Nickolette Driesse - Driesse is another draft pick for the Pride, a midfielder who played in college at both Florida State and Penn State, and she has the distinction of having won national titles with both universities. She accumulated 20 assists and six goals in her collegiate career, and the Pride coaching staff identified her passing game as a key asset they hope can translate to the NWSL. Creating opportunities for more scoring will be important to helping the Pride improve upon their 2016 record.

Rachel Hill - Rachel Hill was acquired from the Portland Thorns, who selected her from UConn in the 2017 NWSL Draft. Hill was a forward at UConn, where she scored 61 goals and had 18 assists in four years. She was also a two-time finalist for the MAC Herman Trophy. Hill represents another scoring threat for the Pride in the 2017 season. While adding more players with USWNT experience, I am glad to see more young players on the roster who can fill in if those players get called away for international camps.

Alanna Kennedy - Australian national team defender Alanna Kennedy comes to the Orlando Pride from the Carolina Courage (formerly the Western  New York Flash) in a trade for Sam Wittenman. In addition to winning an NWSL championship with Western New York, Kennedy was on the Austrailian roster for the 2015 World Cup and the 2016 Rio Olympics, where she appeared with fellow Pride members Laura Alleway and Steph Catley.

Chioma Ubogagu - Ubogagu comes to the Pride from the Houston Dash as another forward. In addition to playing in the NWSL, she has played in her native England with the Arsenal Ladies. She played with the Gunners in 2015, appearing in 21 matches and scoring seven goals. Ubogagu is another well-traveled member of the roster: though she was born in London, she holds American citizenship (her family is from Texas), and she has represented the USA at the U18, U20, and U23 levels in International play. 

Orlando City SC

The MLS side has also seen its share of new faces and surprising departures. The first news came to us during the MLS playoffs when we learned that contract options would not be exercised on six players, several of which have since been confirmed as not returning to the team: 

  • Defenders - Luke Boden, Tyler Turner
  • Midfielder - Pedro Ribeiro
  • Forward - Julio Baptista

But those were not the only departures from the club. In December it was announced that midfielder defender Mikey Ambrose had been taken by Atlanta United FC in the MLS Expansion draft, and Harrison Heath had been traded to Atlanta United FC for a 2019 draft pick. Then in January, Minnesota United FC bought the rights to original Lion Kevin Molino in one of the largest transfers in MLS history. That's not a complete surprise since former Orlando City head coach Adrian Heath is at the helm in Minnesota now, and the move re-unites Molino and his old coach.

While losing Kevin Molino is something I was personally sad to see because of the production and experience he added in 2016, there are plenty of new faces for Orlando City fans to learn about and follow in the coming year.

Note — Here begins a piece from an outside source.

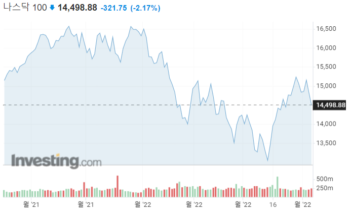 나스닥은 금일(04/07) 기준 많이 하락을 한 상태이다. 2%가량 하락한 상태이며, 오전에 국내 실시간 검색어

Danny Deakin - Deakin is an attacking midfielder whom the team selected in the third round in the 2017 MLS Super Draft. Deakin grew up in Sheffield, England, and played collegiately for two years with NCAA Division II team Mercyhurst. For his final two years in college he played with the University of South Carolina, and then played professionally in 2016 for the NPSL side Detroit City FC, where he appeared in nine matches, starting in seven, and had one goal and two assists.

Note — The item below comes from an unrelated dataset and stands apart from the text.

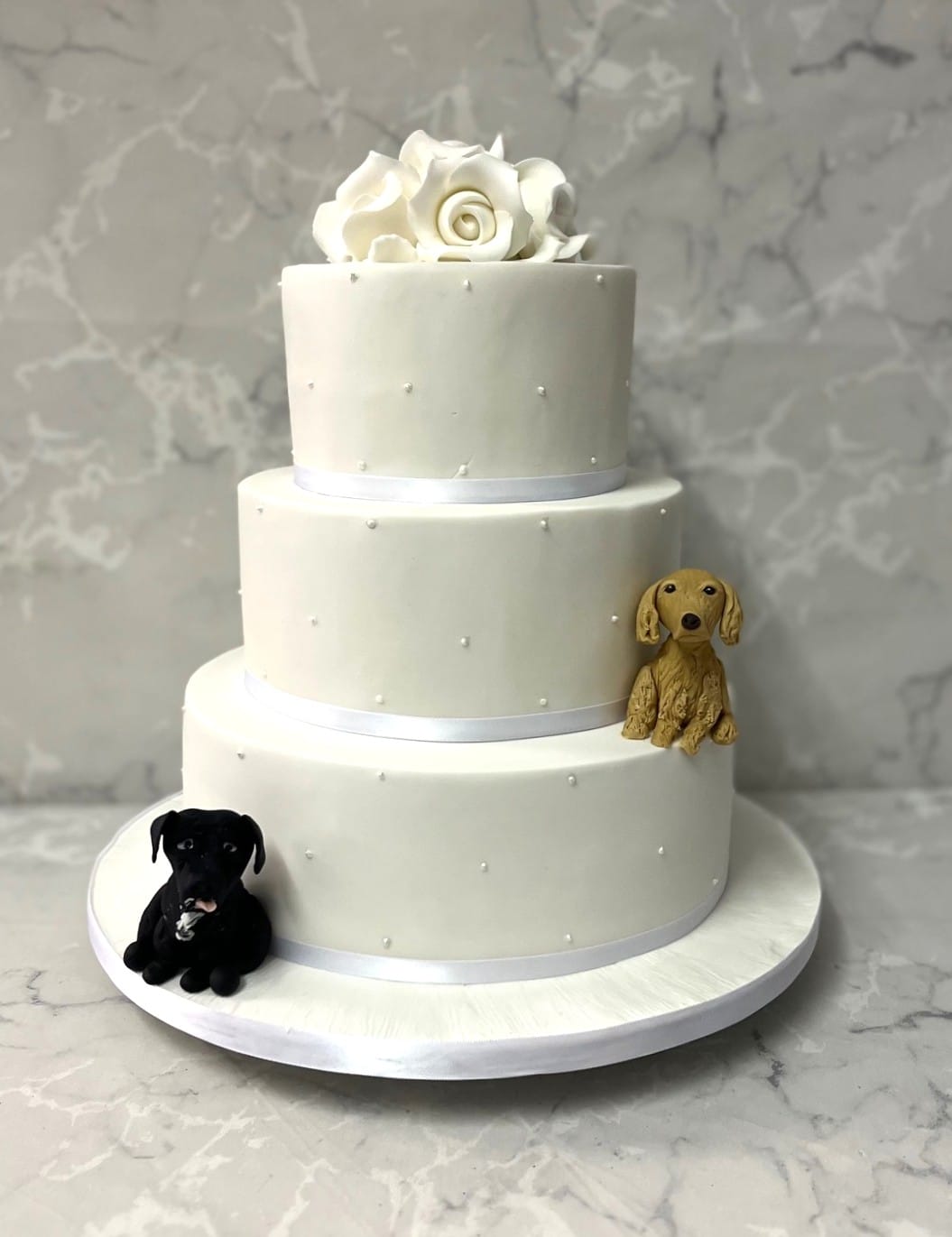 Delicate wedding cake with 2 sugar dogs 6-8-10" cakes starts at €720

Victor "PC" Giro - Brazilian left back Giro signed with Orlando City from the NASL/USL side Tampa Bay Rowdies, who traded him for experienced Orlando City player Luke Boden. While I've appreciated Boden's accuracy on the ball, especially on set pieces, I've been a bit frustrated with the fact that most MLS strikers are too speedy for him to cover. Hopefully Giro will provide some additional speed on the defensive side of the ball, but we will have to see if he can match Boden's accuracy in distributing the ball to teammates.

Will Johnson - Johnson is a ten-year MLS veteran who has won MLS Cups with Jason Kreis in Real Salt Lake and with the Portland Timbers in 2015. Most recently, Johnson played the 2016 season with Toronto FC. He signs with Orlando City as a forward/midfielder, and figures to bolster the club's attacking presence on the pitch. Scoring more goals will be vital to Orlando City, as they have finished just a point out of the playoff race in their first two MLS seasons, so improving goal differential and scoring more points will help get them "over the hump."

Josh Saunders - Goalkeeper Josh Saunders signed with Orlando City SC from New York City FC, where he played in 2015 under head coach Jason Kreis. Saunders brings a fourth keeper to the MLS first team roster for Orlando City, alongside Joe Bendik, Earl Edwards, Jr. and Mason Stajduhar. Given Saunders' MLS experience, it's possible to see that he and Bendik will be the two keepers that make the day-to-day 18-man roster for the first team, while Edwards and Stajduhar primarily take duty with the USL side, OCB. Of course that's just mere speculation, and the team may have other plans in mind. 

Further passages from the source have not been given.